[EXERCISE INPUT]
━━━━━━━━━━

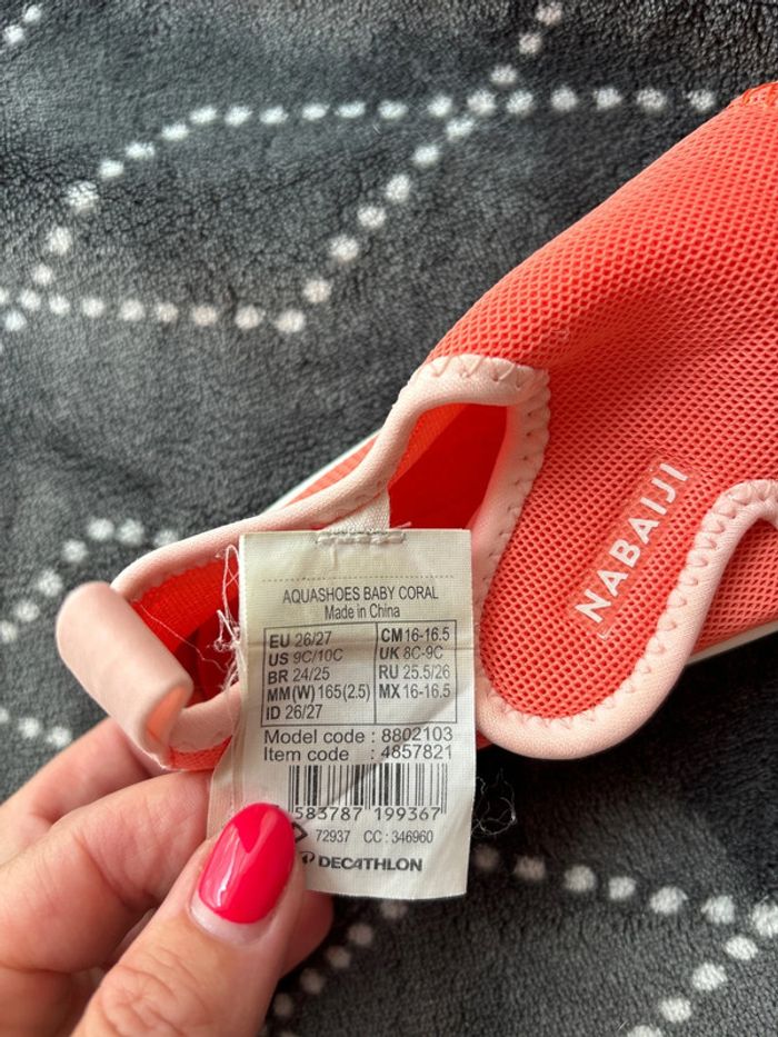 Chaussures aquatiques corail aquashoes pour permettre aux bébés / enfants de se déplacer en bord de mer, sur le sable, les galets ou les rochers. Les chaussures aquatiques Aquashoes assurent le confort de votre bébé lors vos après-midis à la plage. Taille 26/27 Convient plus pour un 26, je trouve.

━━━━━━━━━━

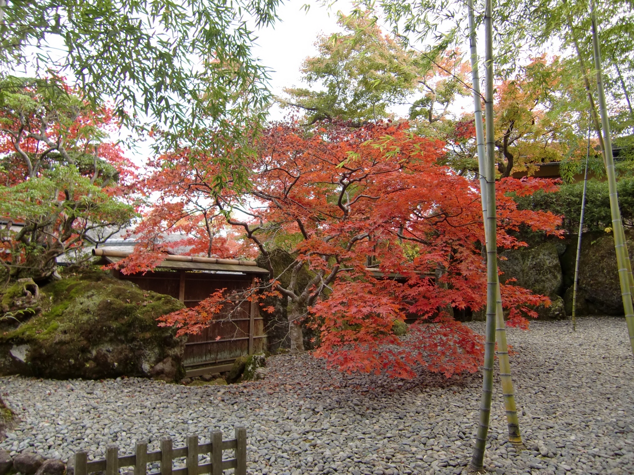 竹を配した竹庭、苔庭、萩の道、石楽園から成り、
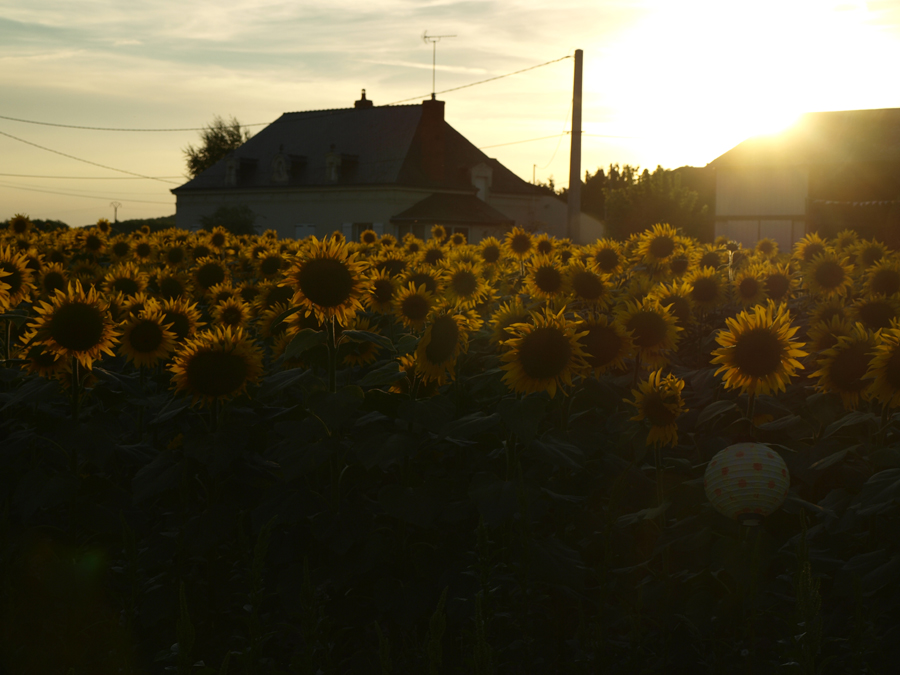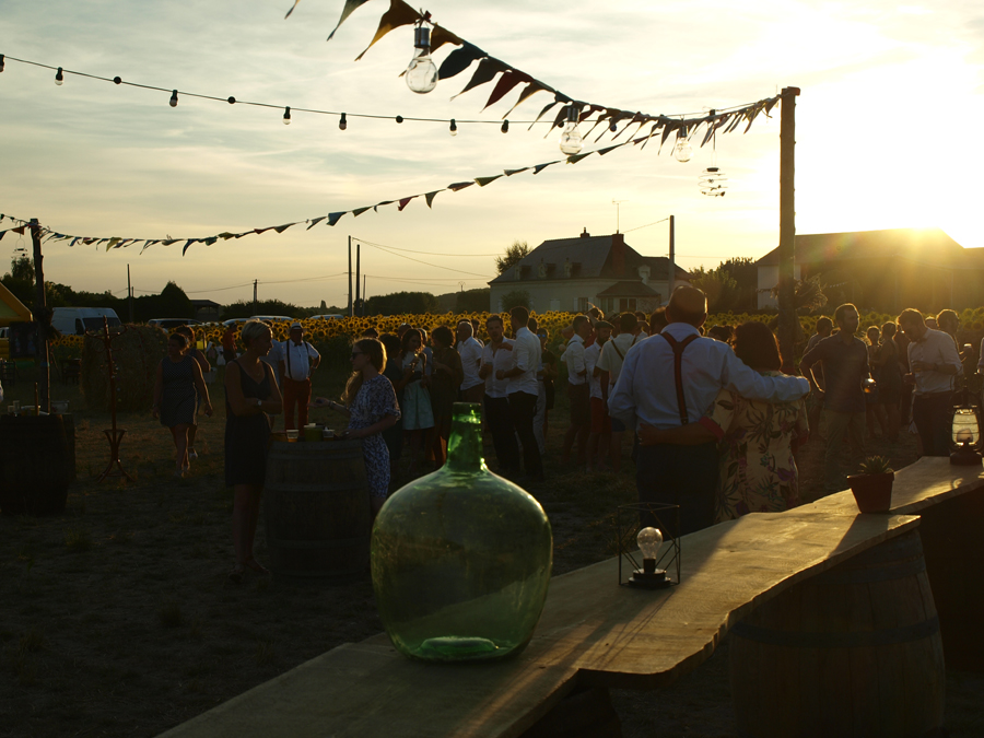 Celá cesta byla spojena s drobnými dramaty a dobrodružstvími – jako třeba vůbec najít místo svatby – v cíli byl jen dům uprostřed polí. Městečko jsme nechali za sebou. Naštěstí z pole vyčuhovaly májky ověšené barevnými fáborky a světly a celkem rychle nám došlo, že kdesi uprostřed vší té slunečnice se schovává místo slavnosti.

━━━━━━━━━━

[PROBLEM TO SOLVE]
Find the line with "竹を配した竹庭、苔庭、萩の道、石楽園から成り、" in the entries above. Set down exactly every line from it up to and including the line with "Celá cesta byla", images excluded.

[TASK ANSWER]
 竹を配した竹庭、苔庭、萩の道、石楽園から成り、
 Celá cesta byla spojena s drobnými dramaty a dobrodružstvími – jako třeba vůbec najít místo svatby – v cíli byl jen dům uprostřed polí. Městečko jsme nechali za sebou. Naštěstí z pole vyčuhovaly májky ověšené barevnými fáborky a světly a celkem rychle nám došlo, že kdesi uprostřed vší té slunečnice se schovává místo slavnosti.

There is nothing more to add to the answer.